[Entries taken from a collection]
-=-=-

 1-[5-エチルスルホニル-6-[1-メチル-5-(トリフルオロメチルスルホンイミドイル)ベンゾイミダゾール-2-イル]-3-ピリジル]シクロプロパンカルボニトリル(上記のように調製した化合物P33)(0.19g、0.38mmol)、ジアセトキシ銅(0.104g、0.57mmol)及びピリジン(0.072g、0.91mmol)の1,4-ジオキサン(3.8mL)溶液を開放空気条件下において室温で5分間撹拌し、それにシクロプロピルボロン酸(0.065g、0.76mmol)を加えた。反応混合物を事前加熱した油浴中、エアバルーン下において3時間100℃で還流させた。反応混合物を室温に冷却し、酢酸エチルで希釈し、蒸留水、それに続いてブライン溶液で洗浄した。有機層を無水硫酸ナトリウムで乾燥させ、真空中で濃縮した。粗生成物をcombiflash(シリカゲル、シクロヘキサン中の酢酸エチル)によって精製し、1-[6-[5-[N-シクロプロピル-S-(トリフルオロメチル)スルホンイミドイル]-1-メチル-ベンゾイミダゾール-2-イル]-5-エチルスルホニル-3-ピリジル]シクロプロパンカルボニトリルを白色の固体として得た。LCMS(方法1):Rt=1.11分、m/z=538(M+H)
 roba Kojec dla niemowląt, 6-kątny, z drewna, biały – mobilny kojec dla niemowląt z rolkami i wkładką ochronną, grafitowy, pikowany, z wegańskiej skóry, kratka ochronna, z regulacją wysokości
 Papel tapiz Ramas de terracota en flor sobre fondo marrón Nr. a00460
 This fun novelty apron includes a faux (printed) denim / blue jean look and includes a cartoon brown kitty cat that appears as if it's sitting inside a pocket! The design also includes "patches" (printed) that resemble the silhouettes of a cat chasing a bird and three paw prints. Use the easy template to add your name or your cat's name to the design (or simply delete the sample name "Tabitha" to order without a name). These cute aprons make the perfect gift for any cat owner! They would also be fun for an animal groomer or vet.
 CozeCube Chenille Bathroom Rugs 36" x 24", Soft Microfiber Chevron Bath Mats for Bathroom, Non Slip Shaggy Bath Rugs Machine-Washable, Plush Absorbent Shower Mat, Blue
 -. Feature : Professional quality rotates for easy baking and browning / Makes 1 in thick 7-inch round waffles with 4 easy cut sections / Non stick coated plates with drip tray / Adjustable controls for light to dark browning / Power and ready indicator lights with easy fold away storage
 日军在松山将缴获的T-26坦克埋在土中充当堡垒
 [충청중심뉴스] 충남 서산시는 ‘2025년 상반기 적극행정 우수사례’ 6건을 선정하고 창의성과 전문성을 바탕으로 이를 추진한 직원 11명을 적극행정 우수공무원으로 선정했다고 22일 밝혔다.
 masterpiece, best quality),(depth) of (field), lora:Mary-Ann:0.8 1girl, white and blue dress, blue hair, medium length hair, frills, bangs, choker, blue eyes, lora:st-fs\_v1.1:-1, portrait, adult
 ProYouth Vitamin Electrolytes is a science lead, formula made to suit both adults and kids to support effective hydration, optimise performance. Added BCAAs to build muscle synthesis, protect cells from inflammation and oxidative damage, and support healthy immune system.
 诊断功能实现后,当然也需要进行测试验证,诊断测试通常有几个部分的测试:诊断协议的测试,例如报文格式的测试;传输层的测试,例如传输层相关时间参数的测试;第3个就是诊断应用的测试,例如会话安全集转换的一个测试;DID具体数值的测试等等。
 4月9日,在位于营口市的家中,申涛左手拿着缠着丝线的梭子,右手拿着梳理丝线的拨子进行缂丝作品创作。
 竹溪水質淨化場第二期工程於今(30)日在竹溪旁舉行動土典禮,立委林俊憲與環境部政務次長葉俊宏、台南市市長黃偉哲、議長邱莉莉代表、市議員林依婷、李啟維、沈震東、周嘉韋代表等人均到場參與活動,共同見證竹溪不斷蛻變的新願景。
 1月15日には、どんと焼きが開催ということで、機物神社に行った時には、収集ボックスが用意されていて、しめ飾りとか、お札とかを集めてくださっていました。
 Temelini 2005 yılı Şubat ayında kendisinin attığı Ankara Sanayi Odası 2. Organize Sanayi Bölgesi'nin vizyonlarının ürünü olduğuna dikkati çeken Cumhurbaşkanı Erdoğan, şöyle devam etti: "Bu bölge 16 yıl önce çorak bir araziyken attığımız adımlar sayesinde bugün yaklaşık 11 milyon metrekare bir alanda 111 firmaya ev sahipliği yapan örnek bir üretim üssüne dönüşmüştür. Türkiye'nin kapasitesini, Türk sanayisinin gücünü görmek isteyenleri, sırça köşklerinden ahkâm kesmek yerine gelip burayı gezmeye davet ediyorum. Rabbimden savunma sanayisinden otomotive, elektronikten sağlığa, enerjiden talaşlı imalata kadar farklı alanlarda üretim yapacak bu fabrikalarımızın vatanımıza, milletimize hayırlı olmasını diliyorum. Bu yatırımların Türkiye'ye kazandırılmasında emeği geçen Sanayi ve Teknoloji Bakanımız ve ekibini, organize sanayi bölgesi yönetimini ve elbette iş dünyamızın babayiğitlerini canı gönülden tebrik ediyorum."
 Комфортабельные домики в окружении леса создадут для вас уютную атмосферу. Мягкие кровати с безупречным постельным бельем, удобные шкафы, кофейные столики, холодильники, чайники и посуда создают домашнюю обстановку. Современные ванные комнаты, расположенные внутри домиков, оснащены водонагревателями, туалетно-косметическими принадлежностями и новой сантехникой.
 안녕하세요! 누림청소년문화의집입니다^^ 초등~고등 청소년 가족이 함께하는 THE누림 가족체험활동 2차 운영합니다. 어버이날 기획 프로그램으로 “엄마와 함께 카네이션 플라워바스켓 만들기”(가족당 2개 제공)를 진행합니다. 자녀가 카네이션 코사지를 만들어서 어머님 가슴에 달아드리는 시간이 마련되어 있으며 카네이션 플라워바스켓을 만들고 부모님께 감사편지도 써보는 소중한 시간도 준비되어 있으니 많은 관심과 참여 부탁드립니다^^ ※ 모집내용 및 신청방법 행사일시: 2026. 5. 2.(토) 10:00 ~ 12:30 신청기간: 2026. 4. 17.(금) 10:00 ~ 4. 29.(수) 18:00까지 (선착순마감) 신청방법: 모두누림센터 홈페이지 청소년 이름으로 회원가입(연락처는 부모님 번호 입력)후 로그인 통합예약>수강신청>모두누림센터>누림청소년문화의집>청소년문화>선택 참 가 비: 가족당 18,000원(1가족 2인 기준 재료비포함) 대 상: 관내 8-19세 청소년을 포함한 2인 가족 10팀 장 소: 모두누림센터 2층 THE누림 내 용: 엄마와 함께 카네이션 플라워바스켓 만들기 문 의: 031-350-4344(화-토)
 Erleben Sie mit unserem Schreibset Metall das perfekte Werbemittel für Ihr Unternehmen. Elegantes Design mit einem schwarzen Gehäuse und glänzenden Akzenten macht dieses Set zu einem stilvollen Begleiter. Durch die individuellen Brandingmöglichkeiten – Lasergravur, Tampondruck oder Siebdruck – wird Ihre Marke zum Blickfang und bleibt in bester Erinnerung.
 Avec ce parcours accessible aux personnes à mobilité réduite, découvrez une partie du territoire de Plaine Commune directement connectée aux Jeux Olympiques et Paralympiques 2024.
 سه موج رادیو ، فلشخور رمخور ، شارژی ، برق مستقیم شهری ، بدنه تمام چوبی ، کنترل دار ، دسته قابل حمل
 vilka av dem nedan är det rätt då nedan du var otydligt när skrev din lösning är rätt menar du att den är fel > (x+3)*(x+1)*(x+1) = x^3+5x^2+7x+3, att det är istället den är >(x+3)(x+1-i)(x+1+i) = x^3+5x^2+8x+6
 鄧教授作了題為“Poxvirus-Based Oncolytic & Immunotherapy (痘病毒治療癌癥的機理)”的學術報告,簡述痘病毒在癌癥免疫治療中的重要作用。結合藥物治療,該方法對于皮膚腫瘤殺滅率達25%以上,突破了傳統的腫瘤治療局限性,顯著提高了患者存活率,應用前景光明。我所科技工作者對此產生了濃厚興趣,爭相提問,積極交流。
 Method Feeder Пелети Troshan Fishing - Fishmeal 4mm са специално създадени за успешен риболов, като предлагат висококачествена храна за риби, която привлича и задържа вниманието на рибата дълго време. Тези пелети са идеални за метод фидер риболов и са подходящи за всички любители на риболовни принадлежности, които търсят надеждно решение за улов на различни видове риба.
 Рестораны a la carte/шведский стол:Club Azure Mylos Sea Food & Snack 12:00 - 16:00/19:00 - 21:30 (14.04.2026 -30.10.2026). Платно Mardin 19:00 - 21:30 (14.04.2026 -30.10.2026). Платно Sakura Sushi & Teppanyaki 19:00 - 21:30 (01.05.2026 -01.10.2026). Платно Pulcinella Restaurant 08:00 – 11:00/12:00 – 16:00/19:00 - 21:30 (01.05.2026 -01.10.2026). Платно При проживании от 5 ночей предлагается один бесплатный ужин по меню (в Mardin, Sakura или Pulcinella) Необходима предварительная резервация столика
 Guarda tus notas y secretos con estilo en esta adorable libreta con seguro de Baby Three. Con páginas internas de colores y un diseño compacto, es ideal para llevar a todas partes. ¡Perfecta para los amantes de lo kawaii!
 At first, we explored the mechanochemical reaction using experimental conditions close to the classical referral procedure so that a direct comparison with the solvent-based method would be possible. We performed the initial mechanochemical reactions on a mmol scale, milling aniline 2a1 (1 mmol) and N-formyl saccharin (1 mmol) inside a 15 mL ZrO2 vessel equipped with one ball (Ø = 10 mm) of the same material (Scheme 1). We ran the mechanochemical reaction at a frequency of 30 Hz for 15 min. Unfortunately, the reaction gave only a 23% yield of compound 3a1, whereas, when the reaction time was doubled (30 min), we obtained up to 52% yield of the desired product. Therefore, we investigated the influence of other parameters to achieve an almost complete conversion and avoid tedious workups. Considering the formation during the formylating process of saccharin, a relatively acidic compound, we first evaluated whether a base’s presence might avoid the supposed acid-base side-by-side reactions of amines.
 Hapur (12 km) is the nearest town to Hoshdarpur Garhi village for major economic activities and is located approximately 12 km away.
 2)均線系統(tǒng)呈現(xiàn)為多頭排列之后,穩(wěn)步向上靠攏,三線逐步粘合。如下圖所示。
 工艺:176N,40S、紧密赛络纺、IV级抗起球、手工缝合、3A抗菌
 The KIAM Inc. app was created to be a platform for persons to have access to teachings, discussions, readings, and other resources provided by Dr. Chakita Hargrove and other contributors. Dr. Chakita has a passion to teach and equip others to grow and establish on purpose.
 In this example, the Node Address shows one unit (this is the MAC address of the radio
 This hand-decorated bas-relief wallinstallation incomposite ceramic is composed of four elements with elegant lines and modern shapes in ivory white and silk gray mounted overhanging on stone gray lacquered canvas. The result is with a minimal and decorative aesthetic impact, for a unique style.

-=-=-

▸ Activity:
Nothing should appear in the answer except the lines above from the line with "[충청중심뉴스] 충남 서산시는" through the line with "ProYouth Vitamin Electrolytes", both included, written out exactly.

▸ Solution to the problem:
 [충청중심뉴스] 충남 서산시는 ‘2025년 상반기 적극행정 우수사례’ 6건을 선정하고 창의성과 전문성을 바탕으로 이를 추진한 직원 11명을 적극행정 우수공무원으로 선정했다고 22일 밝혔다.
 masterpiece, best quality),(depth) of (field), lora:Mary-Ann:0.8 1girl, white and blue dress, blue hair, medium length hair, frills, bangs, choker, blue eyes, lora:st-fs\_v1.1:-1, portrait, adult
 ProYouth Vitamin Electrolytes is a science lead, formula made to suit both adults and kids to support effective hydration, optimise performance. Added BCAAs to build muscle synthesis, protect cells from inflammation and oxidative damage, and support healthy immune system.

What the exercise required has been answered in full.